Posted: Wed Sep 02, 2020 8:46 am
by Naposghost
I recently purchased a BioSense breath keytone measurement device which I have to say is very much preferable to a finger stick. I have some questions.

What is the target ACE range I should shoot for to be inline with Bredesen recommended ketosis state?
What if I also want to lose weight? Would the ACE target be higher?
How often should I test during the day?

Thanks!

Re: Targets for Ketosis using BioSense

Posted: Wed Sep 02, 2020 6:28 pm
by Julie G
Thanks for posting this!

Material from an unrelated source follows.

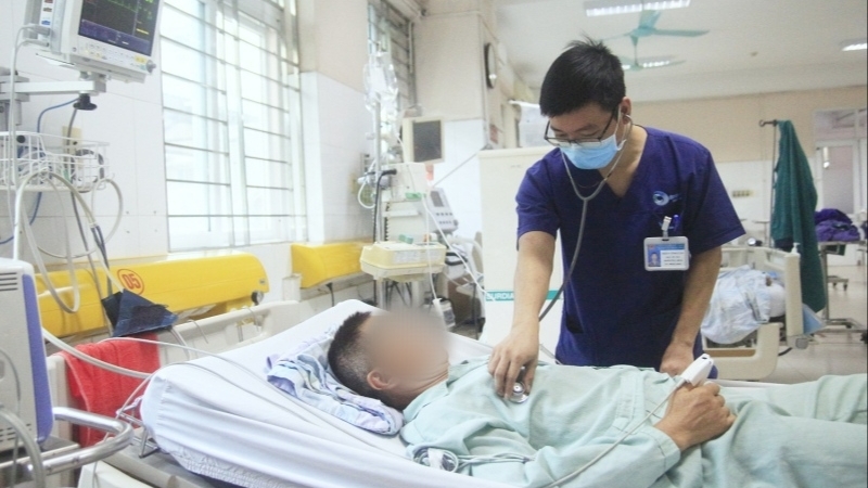 | TS.BS Lê Quốc Hùng, Trưởng khoa Bệnh Nhiệt đới, BSCK2 Trần Thanh Linh - Trưởng khoa Hồi sức Cấp cứu, Bệnh viện Chợ Rẫy thăm khám cho bệnh nhân ngộ độc. |

Of course, it depends upon your goals, but in general Dr. Bredesen recommends an AM fasting goal of 0.5 BHB or higher (which is comparable to 4 ACEs or higher) rising up up to 4 BHB or 32 ACEs at some point during the day. Most people do fine getting to 1-1.5 BHB or 8-12 ACEs at some point during the day; whereas others with greater deficits may need higher levels.

I’ve learned that with BHB, I can get a good sense of my state of ketosis with one test right before I break my fast. That’s when I typically get my highest reading. Whereas with ACEs, I recommend testing at least 3 times per day, preferably 5. First thing in the AM, before meals, and before bed. You want a minimum daily score of 100.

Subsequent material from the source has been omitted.